The rise of generative AI has unlocked new frontiers in how machines read, write, and reason, but what happens when this intelligence is built on a foundation of pirated books? In June 2025, a U.S. federal court issued a landmark ruling in Bartz v. Anthropic, a case where bestselling authors sued AI firm Anthropic for copying their copyrighted works without permission to train its large language model, Claude. While the court ruled that using books to train AI can amount to “fair use” under American law, it drew a sharp line when it came to the use of pirated material. This case sets a powerful precedent and opens a different kind of conversation for countries like Pakistan, where copyright enforcement remains weak and fair use exceptions are narrowly defined. How prepared are we to protect our authors, our data, and our narratives in a world where AI is learning from everything, including what it was never allowed to touch? This has indeed become a million-dollar question.

The Case in Focus: Bartz v. Anthropic

In Bartz v. Anthropic, three U.S.-based authors, Andrea Bartz, Charles Graeber, and Kirk Wallace Johnson, sued the AI company Anthropic PBC in the Northern District of California for copyright infringement. The claim? That Anthropic had illegally copied their books, not once, but in several stages, to train its generative AI tool, Claude. (Bartz v. Anthropic PBC, No. 3:24-cv-05417-WHA, at 2–3 (N.D. Cal. June 23, 2025))

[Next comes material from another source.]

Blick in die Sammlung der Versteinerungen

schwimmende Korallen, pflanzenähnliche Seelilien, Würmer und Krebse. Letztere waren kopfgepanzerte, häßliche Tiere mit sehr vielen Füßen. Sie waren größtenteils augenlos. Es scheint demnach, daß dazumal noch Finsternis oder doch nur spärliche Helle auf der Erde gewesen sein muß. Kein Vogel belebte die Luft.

The court found that Anthropic had downloaded millions of pirated books from illegal online libraries like Books3, LibGen, and Pirate Library Mirror, and later also purchased physical books, scanned them, and added them to a central digital library (id.. at 3–4). From this internal repository, Anthropic selected certain books (including the plaintiffs’) to train successive versions of Claude.

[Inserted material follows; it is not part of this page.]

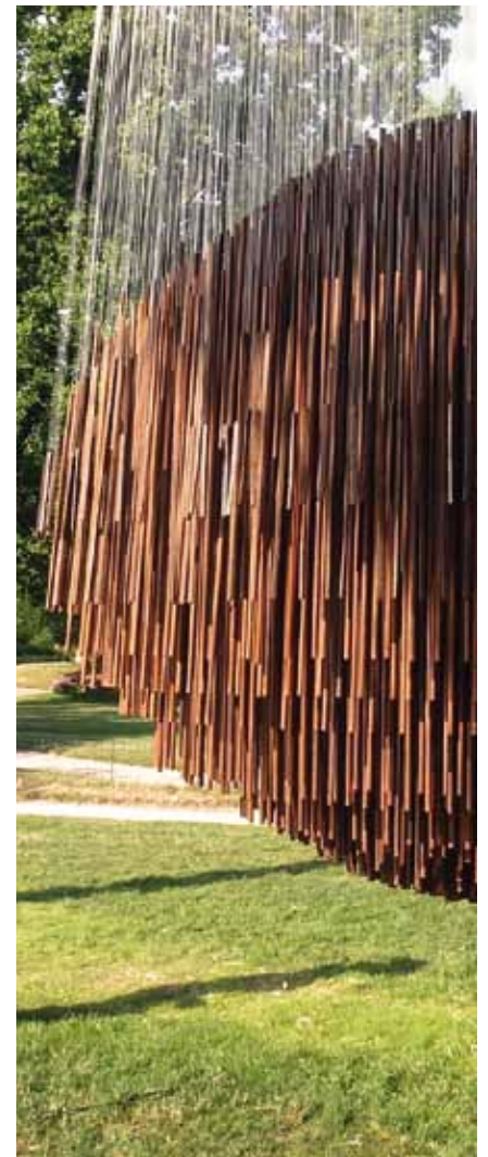
Bing Bang 2009

In a detailed ruling, the court observed that using books to train an AI was “transformative” and counted as fair use under U.S. copyright law (id.. at 10). This means that there was no copyright violation on the part of Anthropic for using the plaintiffs’ texts in training their AI, especially because the output never replicated the original works. However, the court also held that retaining pirated books in a permanent digital library was not fair use, even if those copies weren’t used directly in training. That part of the copying remained unlawful (id.. at 12–13).

In short, the court tried to strike a fair balance by allowing AI training to be used fairly because the technology was being used in a new........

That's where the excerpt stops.